For the nine months ended July 31, 2009 and 2008, our research and development expenses were $1,833,391 and $1,614,957, respectively. The increase is mainly due to the consistent research and development expenses on the Acanthopanax GAP (Good Agricultural Practice) base and research work on Acanthopanax effective parts. We are drafting a plan on Acanthopanax GAP base construction and the investments on the base are expected to increase steadily in the near future.

Depreciation

We had depreciation expenses of $11,163 and $10,330 for the nine months ended July 31, 2009 and 2008, respectively (see Note 8).  The expenses were comparable for both periods.

Liquidity and Capital Resources

Our cash, current assets, total assets, current liabilities, and total liabilities as of July 31, 2009 were as follows:

   
July 31, 2009
 
       
Cash and Cash Equivalents
  $ 12,767,747  
Total Current Assets
    42,384,962  
Total Assets
    44,749,986  
Total Current Liabilities
    1,744,815  
Total Liabilities
    1,744,815  
Working capital
  $ 40,640,147  
 
 
24

 

Sources and Uses of Cash

Operations
 
Net cash generated from operating activities was $3,058,788 for the nine months ended July 31, 2009. Our net cash generated from operating activities for the current nine month period was primarily $5,868,520 in net accounts receivables, $43,425 in inventories, $77,805 from reduction of prepayments and other net receivables, $93,249 in total accounts payable and accruals, $321,010 in due to/from related party, and $85,208 in other payables. Cash generated from operating activities increase dramatically compared to the same period in 2008 as we optimized the structure of accounts receivable and accounts payable in order to obtain larger market share.

Investments
 
Net cash used in investing activities was $ 16,183 for the nine months ended July 31, 2009. For the nine months ended July 31, 2009, our cash used in investing activities was related to the acquisition of property, plant and equipment.

Financing
 
There were no financing activities during the quarters ended July 31, 2009 and 2008. The company intends to raise capital through private offerings in the next twelve months.

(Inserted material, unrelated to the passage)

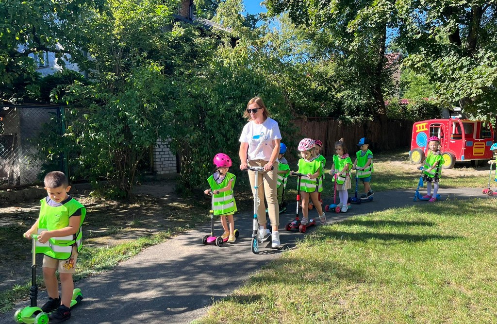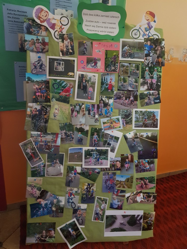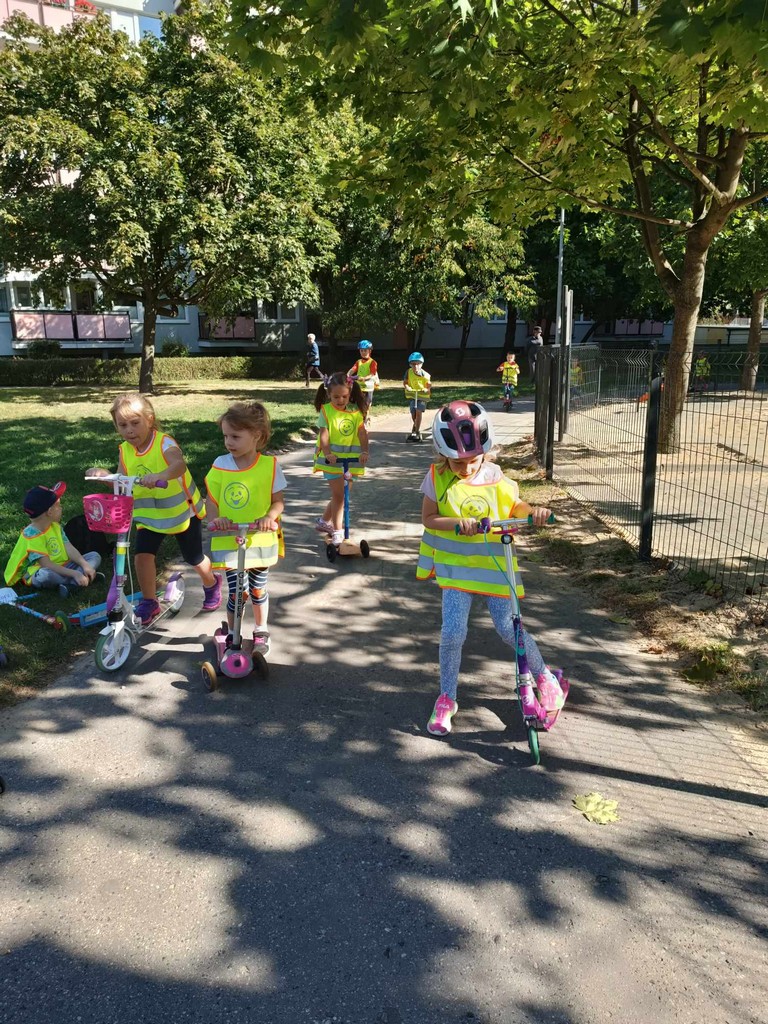 Przedszkolaki ze swoimi wychowawcami wybrały się na wycieczki na pobliskie skrzyżowania aby przypomnieć i utrwalić sobie zasady ruchu drogowego i bezpiecznego poruszania się po przejściach dla pieszych. Starszaki odwiedziły serwis rowerowy, zobaczyły na czym polega praca serwisanta, dowiedziały się,że prawie każdy rower można zreperować i nie trzeba go wyrzucać. W 21 września dzieci przyjechały do przedszkola hulajnogami i rowerami, była prezentacja własnych pojazdów, rozmowa na temat bezpiecznego poruszania się między innymi uczestnikami ruchu a potem dzieci ruszyły w trasę, młodsze po ogrodzie przedszkolnym a najstarsze na pobliską ścieżkę rowerową. W Tygodniu Mobilności odwiedził nas ratownik i policjant, odbyły warsztaty udzielania I pomocy oraz prezentacja zawodu policjanta. Przedszkolaki ze swoimi rodzicami wykonały pracę plastyczną do konkursu pt.:” Mój Eko- środek transportu”, powstała też foto wystawa prezentujące nasze przedszkolne fit rodziny podczas aktywności fizycznych. Celebracje Europejskiego Tygodnia Mobilności zakończyliśmy spotkaniem wszystkich grup, prezentacji wierszy i piosenek tematycznych związanych z ekotransportem.

Debt Instruments, Guarantees, and Related Covenants

The Company does not have any long term debt or short term debt, and has not entered into any guarantee arrangements or other related covenants.

Critical Accounting Policies

The preparation of our financial statements in conformity with accounting principles generally accepted in the United States of America requires our management to make certain estimates and assumptions that affect the reported amounts of assets and liabilities and disclosure of contingent assets and liabilities at the date of the financial statements and the reported amounts of revenues and expenses during the reporting period. As such, in accordance with the use of accounting principles generally accepted in the United States of America, our actual realized results may differ from management’s initial estimates as reported. Our significant estimates include:

 
25

 

Property, plant and equipment are carried at cost. The cost of repairs and maintenance is expensed as incurred; major replacements and improvements are capitalized. When assets are retired or disposed of, the cost and accumulated depreciation are removed from the accounts, and any resulting gains or losses are included as components of income in the year of disposition. The Company records depreciation of its property, plant and equipment on a straight-line basis over the estimated useful lives of the assets based on their costs.

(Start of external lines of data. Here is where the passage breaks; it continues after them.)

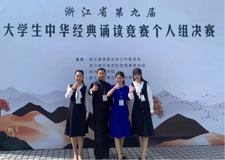 在刚刚过去的浙江省大学生中华经典诵读竞赛中,从去年四月,到今年十月,历时七个月;从校初赛、复赛、决赛,再到省初赛、决赛,她和小伙伴一起不断打磨稿子、练习即兴演讲。她由衷地感谢每一位帮助过她的老师,老师们细致而专业的建议和帮助让她收获颇丰,比如当对文本的情感把握不到位的时候,老师会帮助他们一起分析诗文内涵;在准备即兴演讲材料的时候,老师会帮助他们开拓思路。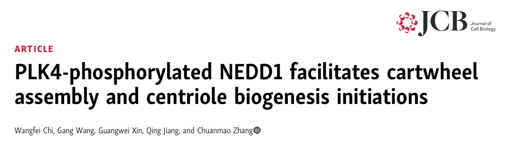 2020年12月22日,冰球突破mg正规官网张传茂教授实验室在国际知名细胞生物学杂志Journal of Cell Biology以长文形式在线发表了题为“PLK4-phosphorylated NEDD1 facilitates cartwheel assembly and centriole biogenesis initiations”(https://rupress.org/jcb/article-abstract/220/1/e202002151/211633/PLK4-phosphorylated-NEDD1-facilitates-cartwheel?redirectedFrom=fulltext)的研究论文。该项工作发现,中心粒外周基质蛋白(PCM)的组分之一NEDD1对于车轮结构装配和中心粒发生的起始至关重要,并且这个过程受到了PLK4激酶的磷酸化调控,该项工作明确了车轮结构装配起始的精确位置并阐明了其具体的调控机制。
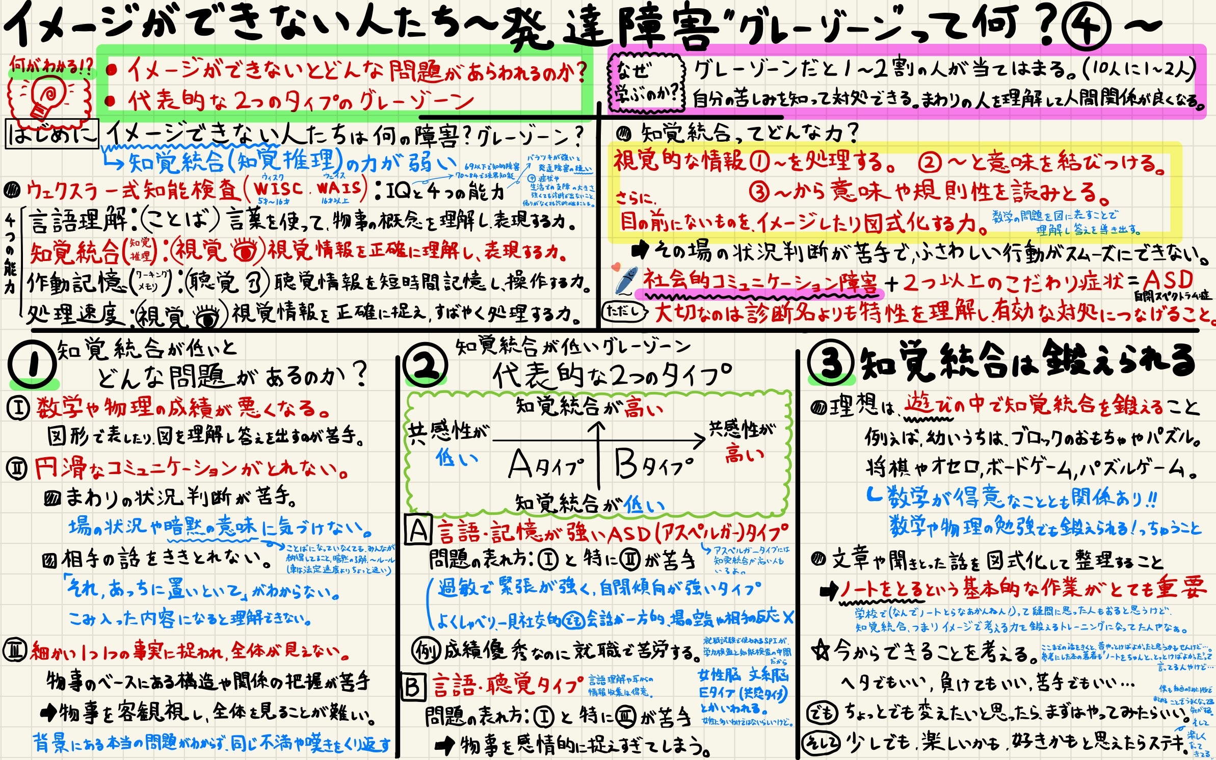 ASDの診断が出ても、得意苦手のバランスが人によって違うねん。だから、イメージする力が弱いっていう特性を理解して、行動につなげることが大事やねんな。
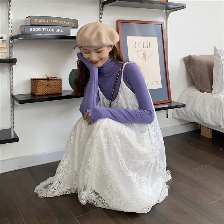 色:パープルプライマーシングルピース,ホワイトサスペンダースカートシングル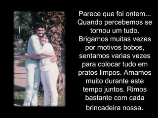 O documento é uma carta de aniversário de casamento de 20 anos de um casal. Eles passaram por altos e baixos, mas seu amor os manteve unidos. Juntos tiveram duas filhas e embora não sejam perfeitos, seu amor supera seus defeitos. A autora agradece a Deus por encontrar seu príncipe e ser feliz ao seu lado.

The Company recognizes revenue when persuasive evidence of an arrangement exists, delivery has occurred, the sales price is fixed and determinable, and collectibility is reasonably assured; this policy is in accordance with the provisions of Staff Accounting Bulletin No. 104. Renhuang generally recognizes products sales when the product is shipped.
 
The Company provides rebates to its sales agents (who act as wholesalers) as an incentive plan. The rebate rate is set on a product-by-product basis. When revenue is recognized, the rebate is accounted for as an offset to revenues in accordance with EITF Issue No. 01-9, “Accounting for Consideration Given by a Vendor to a Customer (Including a Reseller of the Vendor’s Products)”.

Research and development (“R&D”) costs are expensed as incurred. Engineers and technical staff are involved in the production of our products as well as on-going research, with no segregation of the portion of their salaries relating to research and development from the portion of their salaries relating to production. The total salaries are included in cost of sales.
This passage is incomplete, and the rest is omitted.